• _What is required_
Restate, word for word and with no pictures, the stretch of lines in the data below that begins at the line with "Автомагнитола Pioneer AVH-X7500BT" and ends at the line with "ここまでのポイントを踏まえて", inclusive.

• _Input data_
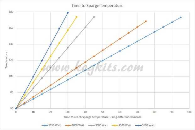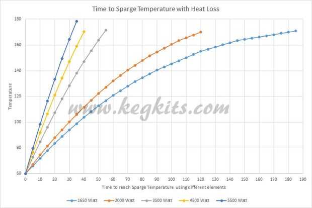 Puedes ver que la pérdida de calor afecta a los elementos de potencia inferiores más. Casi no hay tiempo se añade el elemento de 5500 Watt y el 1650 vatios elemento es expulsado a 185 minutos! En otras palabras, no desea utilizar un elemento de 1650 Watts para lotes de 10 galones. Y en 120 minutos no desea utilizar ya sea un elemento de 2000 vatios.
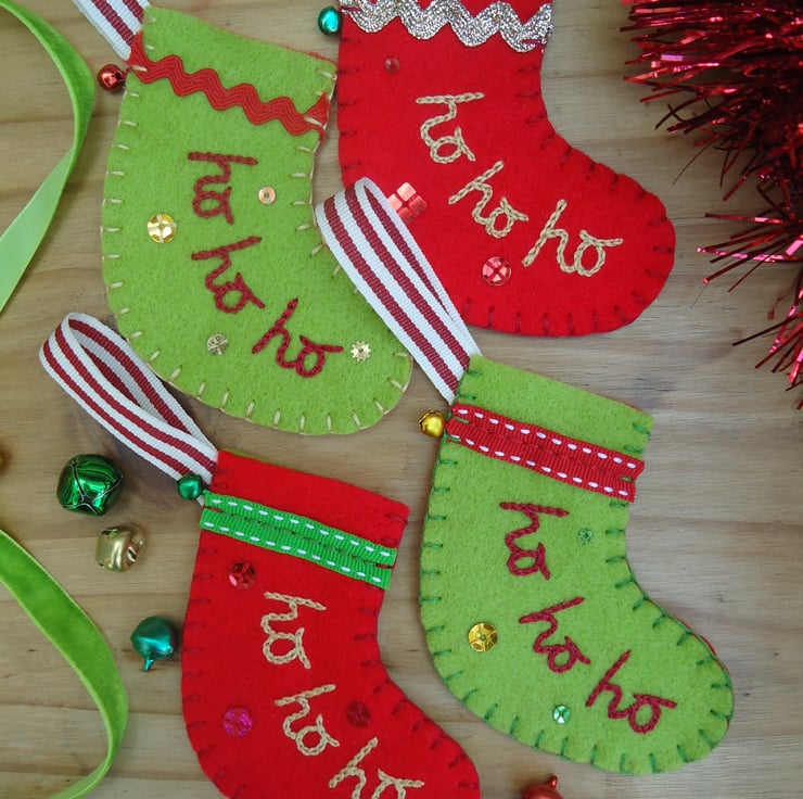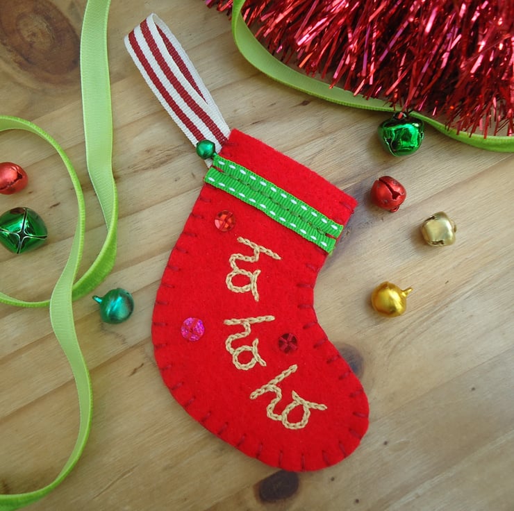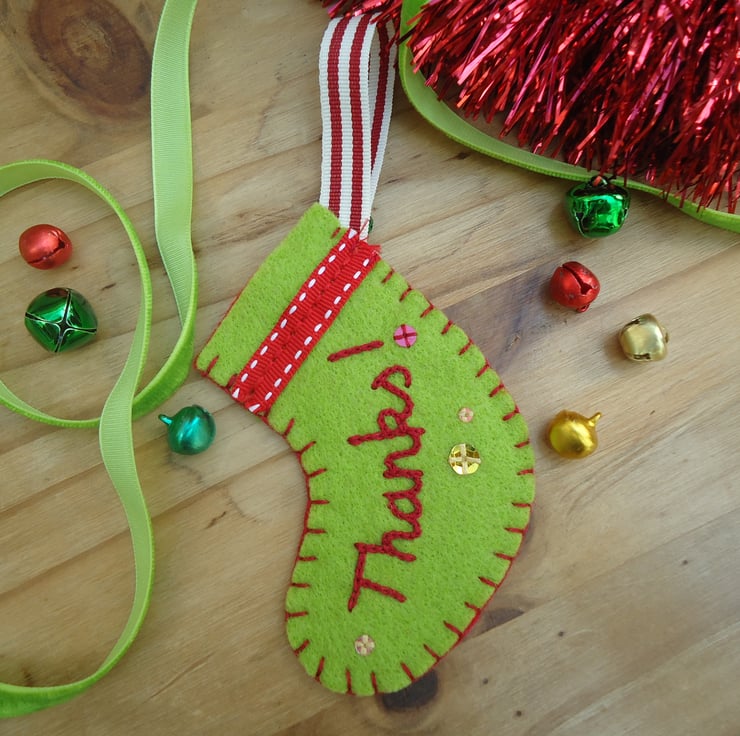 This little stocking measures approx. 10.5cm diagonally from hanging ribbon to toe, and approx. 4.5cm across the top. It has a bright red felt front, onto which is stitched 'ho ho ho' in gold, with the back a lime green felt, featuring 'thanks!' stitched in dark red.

--

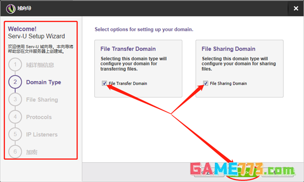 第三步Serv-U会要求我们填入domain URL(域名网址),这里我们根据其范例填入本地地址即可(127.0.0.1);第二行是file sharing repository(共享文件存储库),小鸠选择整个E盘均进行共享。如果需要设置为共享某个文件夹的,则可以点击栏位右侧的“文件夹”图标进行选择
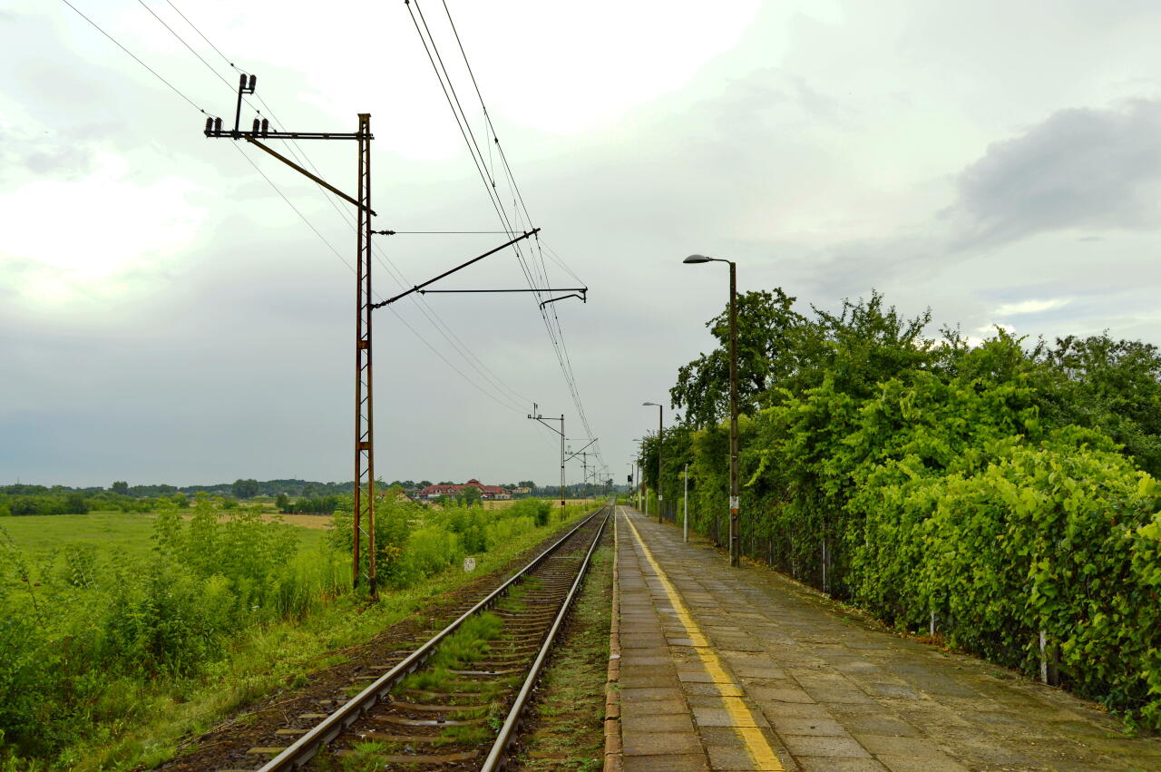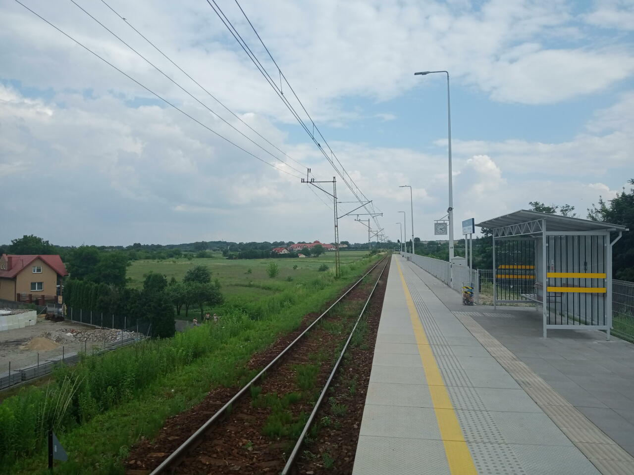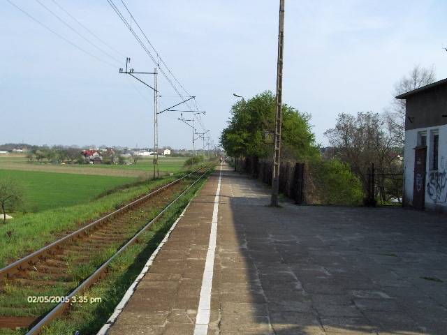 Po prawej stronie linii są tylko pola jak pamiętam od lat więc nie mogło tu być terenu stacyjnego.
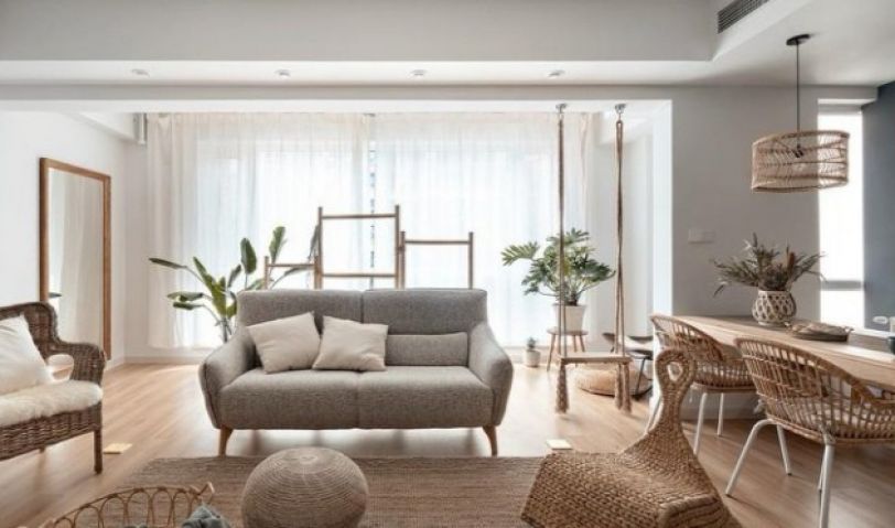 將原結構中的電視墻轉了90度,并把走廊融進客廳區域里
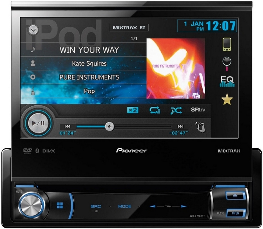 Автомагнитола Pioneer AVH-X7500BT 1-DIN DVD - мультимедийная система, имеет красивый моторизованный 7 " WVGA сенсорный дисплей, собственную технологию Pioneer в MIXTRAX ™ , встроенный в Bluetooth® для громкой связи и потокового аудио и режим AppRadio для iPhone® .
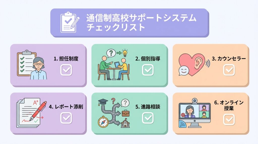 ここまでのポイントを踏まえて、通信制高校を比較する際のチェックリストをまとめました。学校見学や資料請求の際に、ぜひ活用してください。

• _Problem solution_
 Автомагнитола Pioneer AVH-X7500BT 1-DIN DVD - мультимедийная система, имеет красивый моторизованный 7 " WVGA сенсорный дисплей, собственную технологию Pioneer в MIXTRAX ™ , встроенный в Bluetooth® для громкой связи и потокового аудио и режим AppRadio для iPhone® .
 ここまでのポイントを踏まえて、通信制高校を比較する際のチェックリストをまとめました。学校見学や資料請求の際に、ぜひ活用してください。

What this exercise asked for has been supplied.